Research efforts are uneven: A high number of studies focused on Vietnam and Indonesia, while the least researched countries were Singapore, Brunei, Timor Leste with one study each.
A greater focus on “what” rather than “why”: Most studies from the region are descriptive, documenting quantity, hunting frequency and wild meat prices. There is less research available on social drivers, effectiveness of behavioral interventions, zoonotic disease mitigation, and taboos or decision processes that shape wild meat trade and consumption.
Few studies used mixed methods or interdisciplinary approaches
The ongoing gaps in location-specific data and social drivers matter: Policies that move forward without a good understanding of the way that social and ecological systems interact, or which are not grounded in context-appropriate research risk failure.
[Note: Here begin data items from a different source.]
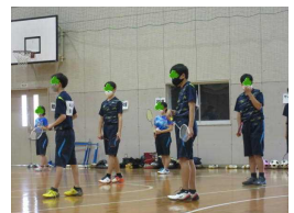
部活動紹介の様子

4月12日(水)には、新入生歓迎行事「生徒会組織説明」と「部活動紹介」を行いました。また、4月21日(金)には、生徒総会を行いました。生徒会活動は「自分たちができることで、学級や学校におけるより良い生活づくりに参加し、仲間とともに自分たちの力で安心・安全な学校をつくる」活動です。そして生徒総会は、その活動の1年間の在り方を確認する場です。今年のスローガンは「輝～個性で染める城 中の華」このスローガンは、今後の体育大会・文化発表会にも通じるものです。生徒会本部役員や各常任委員長・副委員長のみんながしっかりと「根」となり、仲間としてクラス・ブロックのみんなと支え合い(「茎・葉」)、城 中生一人一人の個性が「花(華)」開き、良い「実」を結ぶことを願っています。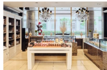
ザ・ショップ N.Y.ラウンジブティック 内観

1F ロビーフロアのザ・ショップ N.Y.ラウンジブティックでは、専属のパティシエが手掛けるスイーツや焼き菓子、ホテルオリジナルのタオル、アロマエッセンスなどのお土産品を販売しております。アフタヌーンティーセットやお弁当、パーティーセットなどのテイクアウト&デリバリー商品も揃えております。また、オンラインショップでは内祝いなどの贈り物におすすめの商品をラインナップ。全国へ発送を承ります。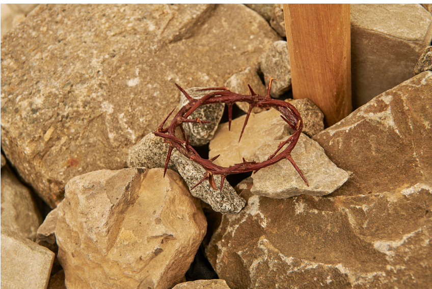
Dornenkrone - Jesus stirbt am Kreuz v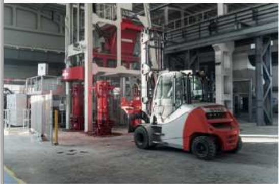
Радиальный пресс RP 1230-4 с вилочным погрузчиком

Радиальный пресс представляет собой установку, которая обеспечивает высокую производительность при небольшом количестве персонала. Он автоматически контролирует состояние уплотнения изделия. Процесс изготовления завершается только после полного уплотнения элемента. В процессе радиального прессования бетонная смесь добавляется в форму контролируемым образом, в то время как процесс уплотнения постоянно контролируется новейшими датчиками. Если фактический показатель уплотнения достигает целевого значения, уплотняющая головка поднимается, при этом время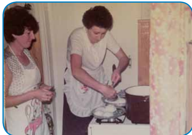
Ani pa Margit Čer küjata za gostúvanje

»Bilau, vino, šör, vse, ka so doma redli, te je piti v bauta ništje nej tjöjpo. Vsakši emo lugaš, gde so grauzdje pauva-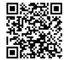
QR-Code zur Gottesdienstanmeldung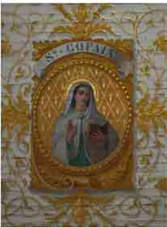
Lambris église de Langoat

Sainte Pompée ( français ), Pompae ( latin ), Koupaïa ( bzh ), le cantique de Langoat nous apprend qu'elle s'appelait aussi Aspazi. Elle est fêtée le 2 janvier pour certains et le 26 juillet pour d'autres.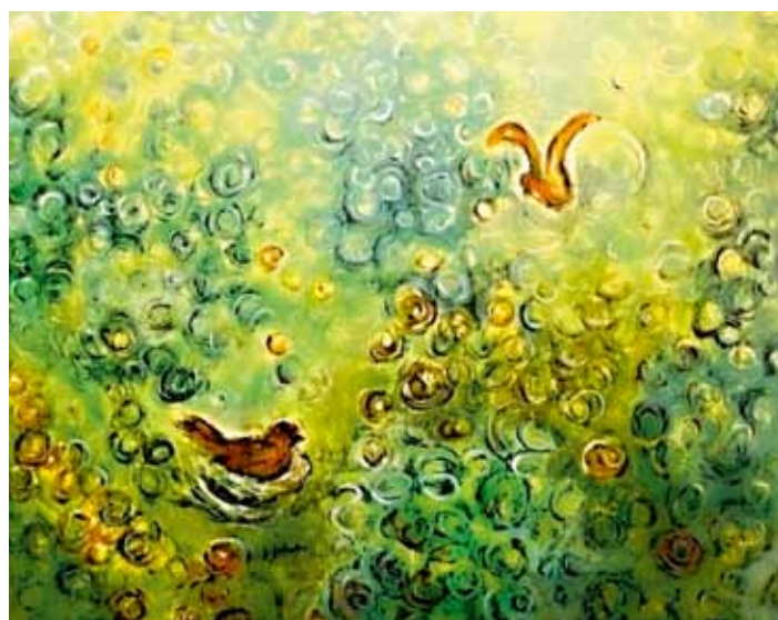
Josef Jakubec, olejomalba s názvem Hnízdění

Willis and the other presenters recommended moving beyond descriptive research to interdisciplinary and systems-based research that closes knowledge gaps and improves effective policy interventions.

Case studies: Zoonotic risks, flying foxes and subsistence hunting
Following the framing presentations, Kim Sookee, a forest and biodiversity intern at FAO moderated three lightning talks from Vietnam, New Caledonia and Papua and a panel discussion.
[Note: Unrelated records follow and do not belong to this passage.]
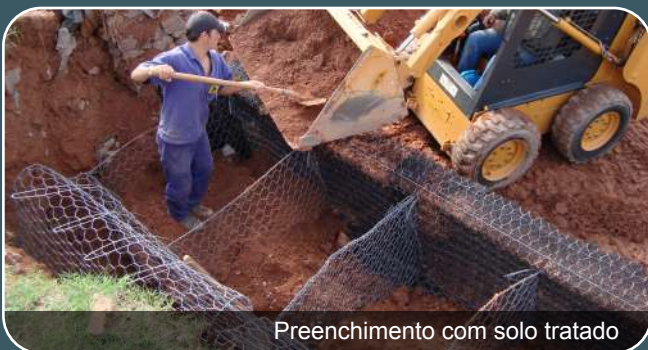
Preenchimento com solo tratado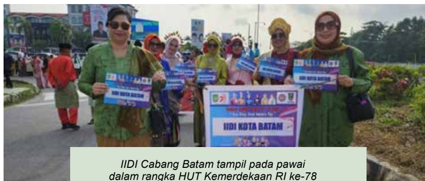
IIDI Cabang Batam tampil pada pawai dalam rangka HUT Kemerdekaan RI ke-78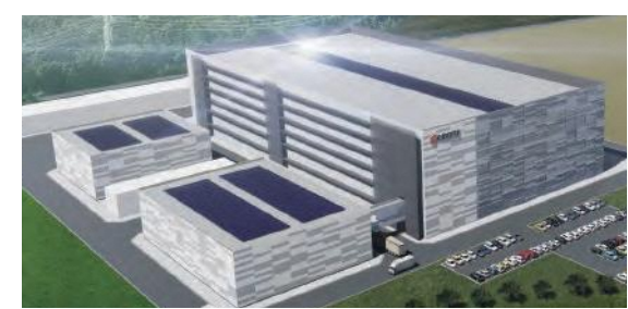
長崎諫早工場(仮称)完成予想図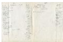
Calculo ingresos y egresos (1-10012)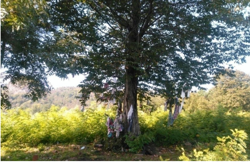
Resim- 8: Karahamza Dilek Ağacı - Çatalpınar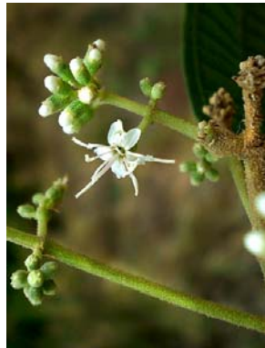
5 Miconia affinis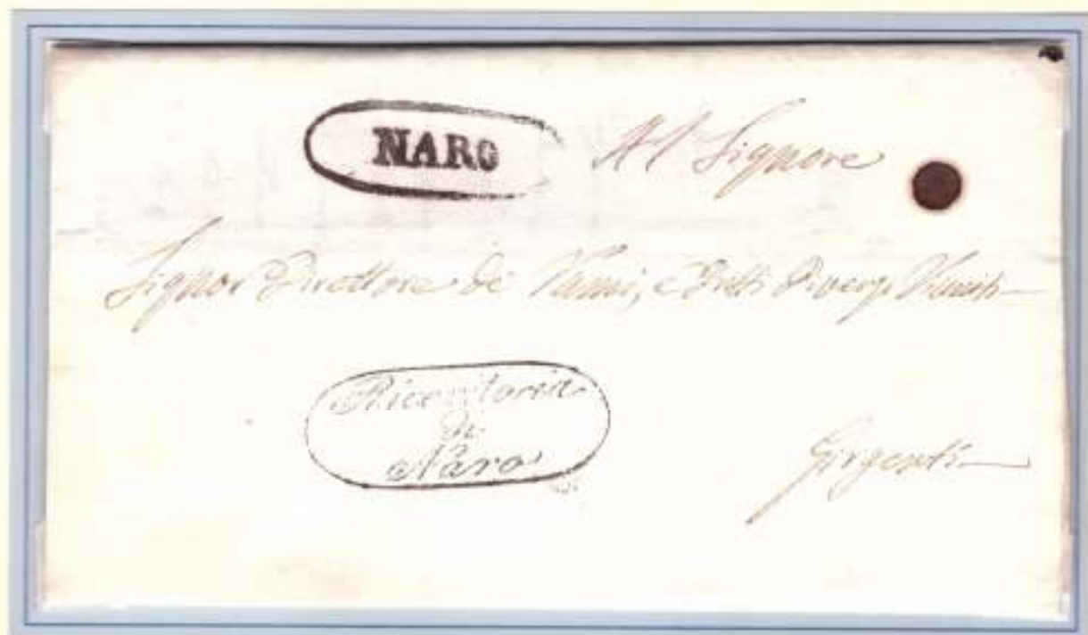
28 Giugno 1860- Da Naro (ovale nero) a Girgenti. Contrassegno di franchigia ovale nero della Ricevitoria di Naro.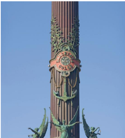
Figura 2: Monumento a Colón, imagen extraída (URL) https://hashmuseum.com/es/coleccion/colon-y-el-cannabis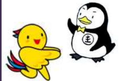
兵庫県マスコットはばタン・更生ペンギンのホゴちゃん

In Vietnam, Country Director for the Wildlife Conservation Society (WCS), Hoang Thuy, described the ongoing challenges in mapping the wild meat value chain and the zoonotic risk involved in these supply chains. While they have tracked wild meat and pet trade via online posts, they have not yet been able to measure the volume of wild meat going straight to restaurants and are planning more community-based research to close this gap. Echoing Willis’s earlier presentation, she noted that they need more data on the socio-ecological drivers of wild meat trade in the country.
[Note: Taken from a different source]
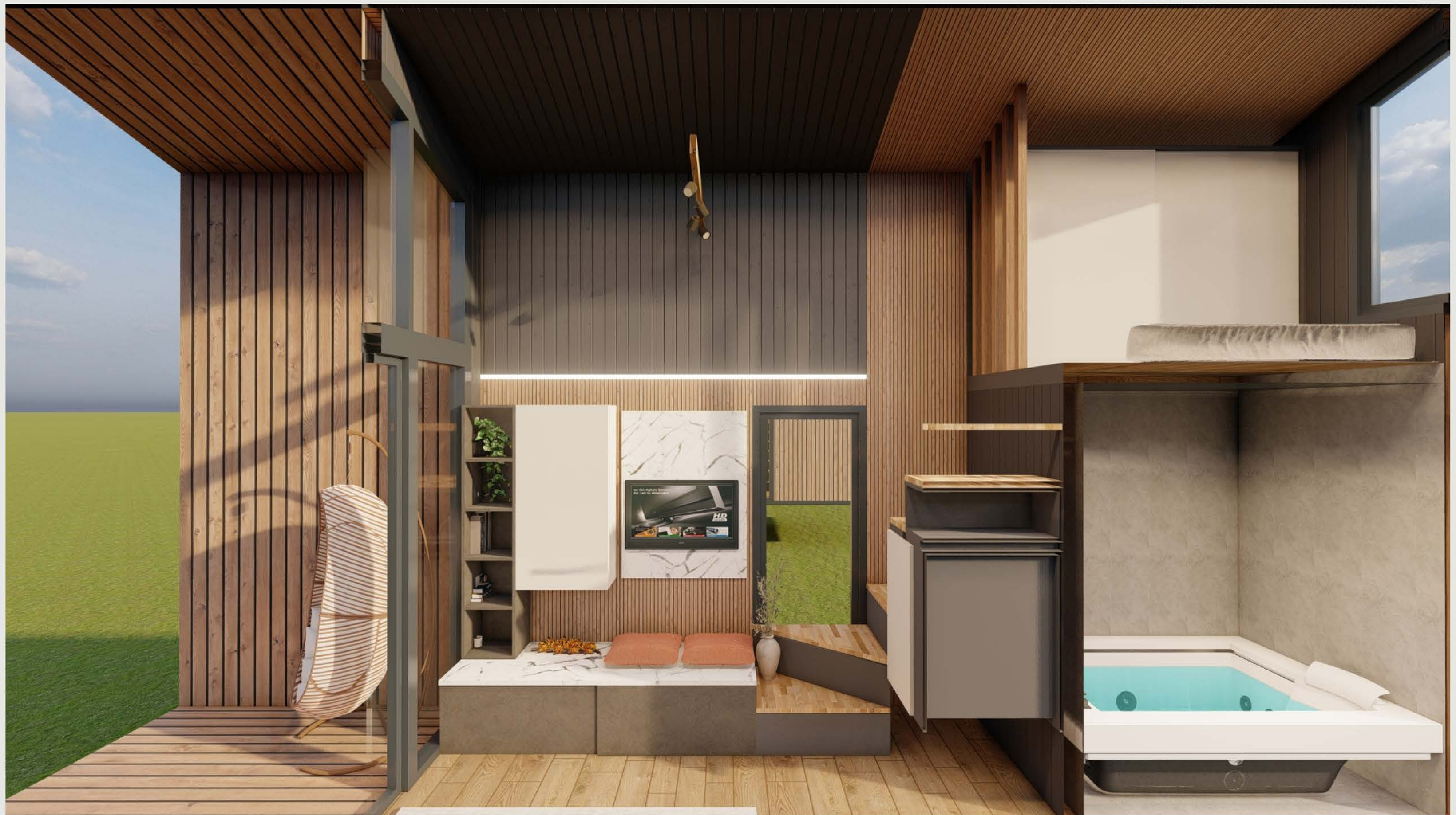
KESİT - 01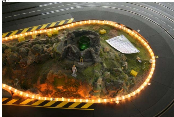
Nordkehre mit Schummer-Licht

Kurzentschlossene sind immer gerne gesehen, und werden auch ebenso freundlich empfangen.

Malik Oedin, Chief District Forest Officer and President at Guardiens des Iles, focused his talk on flying foxes in New Caledonia, where their meat is considered both a delicacy and an important part of Indigenous ceremonies. In some cases, communities also use the bones and hair of flying foxes as a form of currency. Hunting has become unsustainable, however, and the population of flying foxes is decreasing. Oedin and his team are training environmental services staff and consulting with communities, poachers, government ministers and other stakeholders to forge sustainable futures for this species.
Meanwhile overexploitation of wild meat has not yet become a problem in Papua, according to Freddy Pattiselanno, Head of the Institute of Research and Community Services at the Universitas Papua, Indonesia. Almost all consumption and trade are for subsistence, and there are strong traditional norms for sustainable use.
Next steps
The first Wild Meat Dialogues session was only an introduction. To continue answering the question of what we do and don’t know about wild meat in Asia and the Pacific, future dialogues will move from understanding the context, to identifying solutions, existing tools, and connecting research to policy.
Acknowledgements
The SWM Programme is a major international initiative that aims to improve the conservation and sustainable use of wildlife in forest, savannah and wetland ecosystems. It is funded by the European Union, with co-funding from the French Facility for Global Environment (FFEM) and the French Development Agency (AFD). Projects are being piloted and tested with governments and communities in 16 participating countries. The initiative is coordinated by a dynamic consortium of four partners, led by the Food and Agriculture Organization of the United Nations (FAO) with Landscape Alliance (formely known as the Center for International Forestry Research and World Agroforestry (CIFOR-ICRAF)), the French Agricultural Research Centre for International Development (CIRAD) and the Wildlife Conservation Society (WCS).